We thank the referee for the constructive comments and the positive evaluation of the work's significance. We address each major comment below and will revise the manuscript to improve clarity and accuracy.

read point-by-point responses
  1. Referee: [Abstract] The reported performance improvements of 82.3% in height error and 26.9% in energy cost are presented without any information on the baseline methods, the number of trials, statistical significance, or the methods used to measure jumping height and energy consumption. This omission undermines the ability to fully assess the validity and reproducibility of the central quantitative claims.

    Authors: We agree that the abstract should include more context on these elements to support the claims. The baseline is the direct torque planning from the W-JBD model. The improvements are obtained from repeated Webots simulations with results averaged over multiple runs, height measured from the simulated robot's kinematic state, and energy computed as the time integral of electrical power. We will revise the abstract to briefly note the baseline, the simulation-based nature of the evaluation, and the measurement methods, while referring readers to the results section for trial counts and any statistical details. revision: yes

  2. Referee: [Abstract] The final claim that the W-JBD model and BOTP method together 'achieve the height control of real robots with reasonable times of experiments' lacks any supporting evidence from physical robot experiments. The validation is confined to the Webots simulation platform, with no analysis of sim-to-real transfer, robustness to uncertainties (e.g., friction variations, motor delays, sensor noise), or calibration data, which is a load-bearing gap for the paper's broader applicability assertion.

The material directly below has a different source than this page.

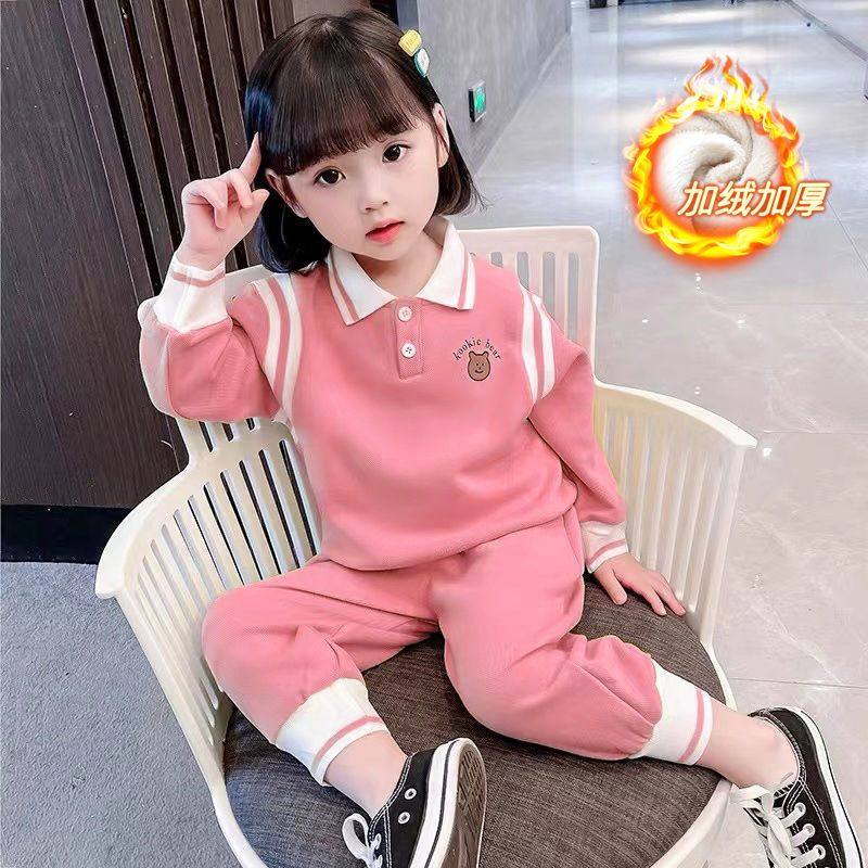 套装加绒加厚新款女童春秋冬装洋气网红装儿童宝宝小童装两件套潮

    Authors: We acknowledge that the manuscript contains only simulation results and no hardware experiments. The statement is an extrapolation from the rapid convergence of BOTP (approximately 40 iterations) when the search space is narrowed by the W-JBD model. We agree this claim requires qualification. We will revise the abstract to state that the approach shows promise for real-robot height control with a reasonable number of experiments, subject to future hardware validation. We will also add discussion of sim-to-real considerations, including sensitivity to friction, delays, and noise, based on our simulation analyses. revision: yes

Circularity Check

0 steps flagged

No circularity; claims rest on independent simulation experiments

full rationale

The paper introduces the W-JBD model and BOTP method as original contributions. Height-error and energy reductions (82.3 % and 26.9 %) are measured outcomes of running BOTP inside the external Webots simulator, not quantities derived by algebraic substitution from the model equations themselves. Narrowing the BOTP search space with W-JBD torque curves is a heuristic that still leaves the optimizer free to produce new continuous profiles; the reported convergence count (40 iterations) and performance deltas are therefore empirical results, not tautological re-statements of the inputs. No self-citations appear in the provided text, and no fitted parameter is relabeled as a prediction. The forward claim about real-robot feasibility is an untested extrapolation rather than a circular derivation step.

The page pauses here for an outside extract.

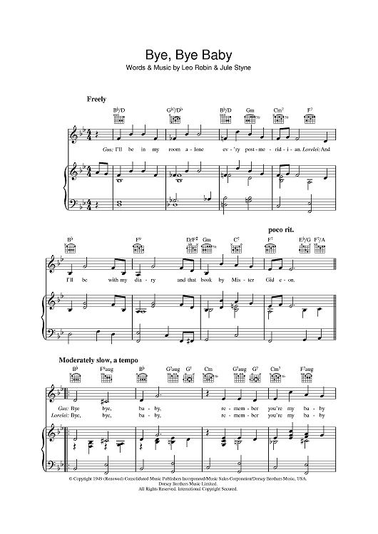Digital Sheet Music for Bye Bye Baby by Frank Sinatra, Jule Styne, Leo Robin scored for Piano/Vocal/Chords; id:395597

Axiom & Free-Parameter Ledger

0 free parameters · 0 axioms · 1 invented entities

Abstract provides no explicit free parameters, mathematical axioms, or external benchmarks; the primary new element is the W-JBD model itself.

invented entities (1)
  • W-JBD model no independent evidence
    purpose: Dynamical model for wheeled-bipedal jumping height control
    New model introduced to address underactuation and impact issues; no independent evidence outside the paper.